2. The method of claim 1, wherein the RabGGT inhibitor reduces the level of RabGGT mRNA in the cell.
3. The method of claim 1, wherein the RabGGT inhibitor is an interfering RNA.
4. The method of claim 1, wherein the RabGGT inhibitor reduces the level of RabGGT protein in the cell.
5. The method of claim 1, wherein the RabGGT inhibitor inhibits RabGGT enzymatic activity.
6. The method of claim 5, wherein the RabGGT inhibitor is a benzodiazapine compound.
7. The method of claim 5, wherein the RabGGT inhibitor is a tetrahydroquinoline compound.
8. The method of claim 1, wherein the agent does not substantially inhibit farnesyl transferase activity.
9. A method of inhibiting tumor growth in an individual having a tumor, the method comprising:
identifying a compound that is a RabGGT inhibitor;
testing the ability of the compound to modulate farnesyl transferase (FT) activity;
modifying the compound, wherein the modified compound exhibits reduced modulation of FT activity compared to the unmodified compound, wherein inhibition of RabGGT is retained; and
administering to the individual an effective amount of an agent that is a RabGGT inhibitor.

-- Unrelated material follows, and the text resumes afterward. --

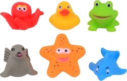 Padarykite vaikų maudynes dar smagesnes su vandens gyvūnėlių rinkiniu. Šiame rinkinyje yra šeši skirtingi gyvūnėliai: aštuonkojis, varlė, ančiukas, jūrų žvaigždė, ruonis ir delfinas. Kiekvienas gyvūnėlis kruopščiai sukurtas taip, kad suteiktų vaikams džiaugsmo ir žaismingumo kiekvienų maudynių metu.

10. The method of claim 9, wherein the RabGGT inhibitor reduces the level of RabGGT mRNA in the tumor.
11. The method of claim 9, wherein the RabGGT inhibitor is an interfering RNA.
12. The method of claim 9, wherein the RabGGT inhibitor reduces the level of RabGGT protein in the tumor.
13. The method of claim 9, wherein the RabGGT inhibitor inhibits RabGGT enzymatic activity.
14. The method of claim 13, wherein the RabGGT inhibitor is a benzodiazapine compound.
15. The method of claim 13, wherein the RabGGT inhibitor is a tetrahydroquinoline compound.
16. The method of claim 9, wherein the agent does not substantially inhibit famesyl transferase activity.
17. A method of determining the susceptibility of a tumor to treatment with a RabGGT inhibitor, the method comprising detecting a level of RabGGT in the tumor, wherein a level of RabGGT that is elevated compared to a normal cell of the same tissue type indicates that the tumor is susceptible to treatment with a RabGGT inhibitor.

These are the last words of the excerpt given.